2- Plastik pipet kullanımından vazgeçelim.
3- Alışverişe giderken yanımıza file veya pamuklu alışveriş çantaları alalım.
4- Ofisimizde plastik ya da içi plastik film kaplı karton bardaklar yerine kendi bardaklarımızı götürerek çayımızı, kahvemizi tüketelim.
5- Plastik şişeden su içmek yerine; bir su kabı ya da matara edinelim.
6- Biyobozunur diş fırçası tercih edelim.
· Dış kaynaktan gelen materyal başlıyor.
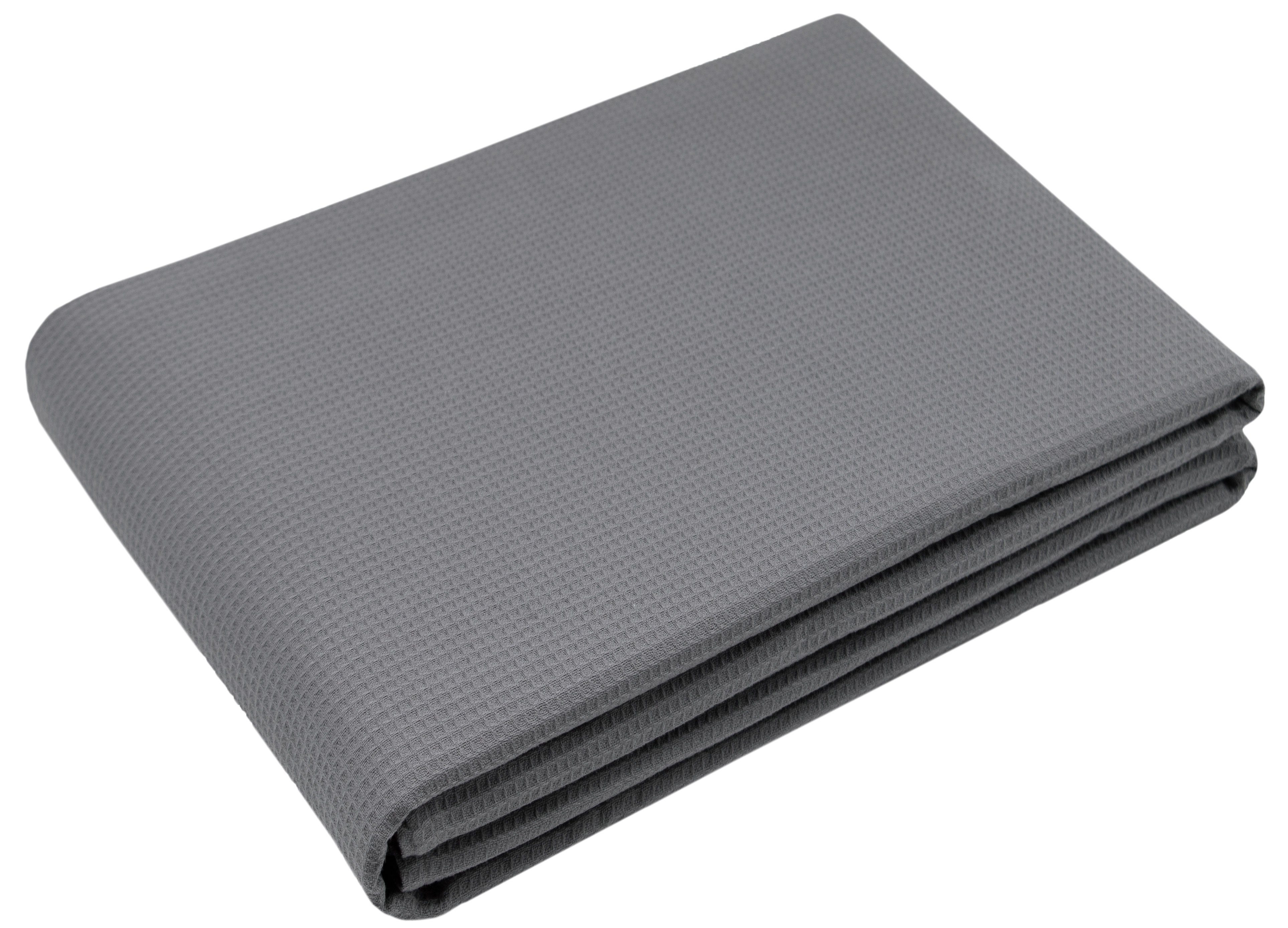Vielseitig einsetzbar als leichte Sofadecke, dekorative Tagesdecke, praktische Überwurfdecke und als Schlafdecke. Nehmen Sie die Decke mit auf Reisen oder zu einem Picknick draußen. Die graue Couchdecke besteht aus 100% Baumwolle und wiegt 220 g/qm und ist dadurch besonders atmungsaktiv und eignet sich sehr gut für Menschen mit empfindlicher Haut.

7- Bulaşık ve çamaşır deterjanları ile sıvı sabunların ambalajlarını yeniden kullanalım. Bunun için deterjan ve temizlik malzemelerinin satılan büyük boy yedek şişelerini alıp küçük şişelerimize dolduralım.
8- Kulak temizleme çubuklarını ihtiyacımız kadar kullanalım.
9- Plastik ambalajları kullandıktan sonra geri dönüşüme göndermeden önce evimizde yeniden nasıl değerlendirebileceğimize bakalım.Kullanım ömürlerini uzatalım. Hamarat ev hanımlarımız plastik ambalajlardan çiçekleri için çok şık saksılar ya da sokak hayvanları için su ve mama kapları yapabilir.
10- Kullandığımız plastikleri sadece birer atık olarak görmeyelim. Plastiklerin döngüsel ekonomide geri dönüşümün en önemli hammaddelerinden biri olduğunu bilerek, atık endüstrimiz için geri dönüşüm kutularına atalım.